Zim Launches Emergency Medicine Society

THE Zimbabwe Emergency Medical Society has been launched to ensure that all Zimbabweans are guaranteed of quality emergency health.

By Kudakwashe Pembere
In an interview, the society’s interim chairperson Dr Sithembile Mthombeni said the organisation represents not only health workers but anyone interested in emergency health.
“This is Zimbabwe Emergency Medicine Society which is an integrated society representing all health workers and interested stakeholders who are willing and aspiring that we get quality emergency care for all people in all places in Zimbabwe,” she said.
She explained the launch was an outcome of work which started two years as a chat forum of locals and diaspora health workers.
Last year, the organisation had a highly attended stakeholders’ meeting.
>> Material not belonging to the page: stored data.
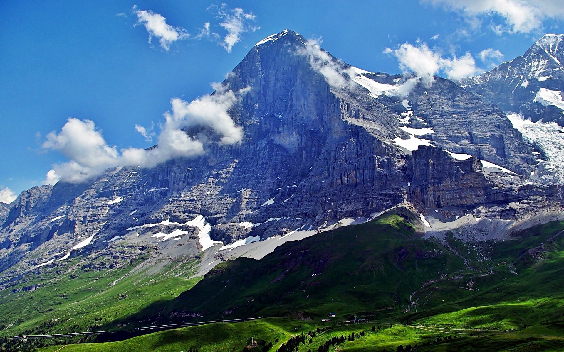 Edytor tapety: Góry, Chmury, Łąki, Przebijające, Światło
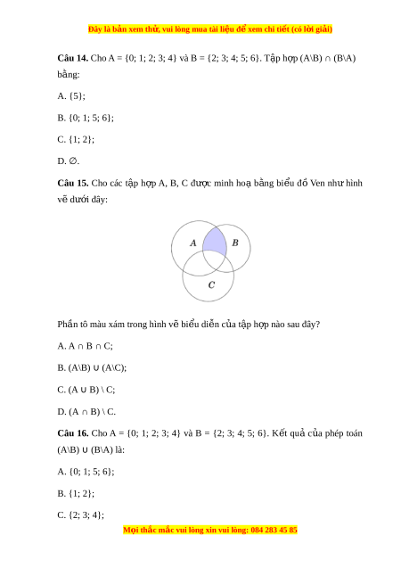 Câu 14. Cho A = {0; 1; 2; 3; 4} và B = {2; 3; 4; 5; 6}. T p h p (A\B) ∩ (B\A) ậ ợ
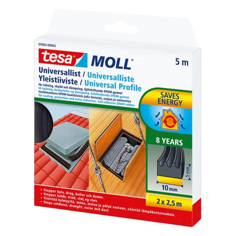 Tesa Universal 05962-00002-01 on itsekiinnittyvä, uritettu tiivistysnauha EPDM-kumia. Käytetään luukkujen, metallikaappien jne. tiivistämiseen ja vaimennukseen. Aukon koko enintään 4 mm.

“So it took us another 12 months including coming up with a constitution, identifying members to lead us of which I am the current interim chair of the society. And then today the 20 th of august we have launched the society,” she said.
She further explained that they are, “an affiliate organisation to the Zimbabwe Medical Association which is the mother body governing and I can say monitoring the activities of all medical doctors in the country. So we are specifically focusing on emergency care. Our society is for all health workers that is the doctors, the nurses, radiographers, physiotherapists, pharmacists any other stakeholders who would like to partner with us and help us. For example Wayon solar partnered with us by sponsoring the last year event, they have come again this year so we could do this launch.”
On Friday they will be having more presentations alongside the Zima symposium.
To achieve quality emergency care in Zimbabwe, ZEMS intends to ensure that emergency care be a recognized specialty of which it is not.
“Why we want this to happen is that emergency medicine is the only specialty which is general in approach than all other specialties. It is needed anytime, anywhere and by anywhere because emergencies happen, accidents happen, people fall sick, asthma attacks happen,” she said.
She also said they want to promote alignment of emergency care with medical school curricula something not yet here in Zimbabwe. The society also wants to broaden its network across the globe.
“We also want to make sure that we partner with international societies and communities of which at the moment we have partnered with the African Federation of Emergency medicine, emergency medicine society of south Africa, college medicine of south Africa, University of Cape Town, Stellenbosch University, Stanford University. All have come onboard to assist us. So we shall make sure that the networking agenda goes on to promote emergency medical care in Zimbabwe,” said Dr Mthombeni.
Dr Mthombeni also said there is need for a national policy on emergency care in Zimbabwe.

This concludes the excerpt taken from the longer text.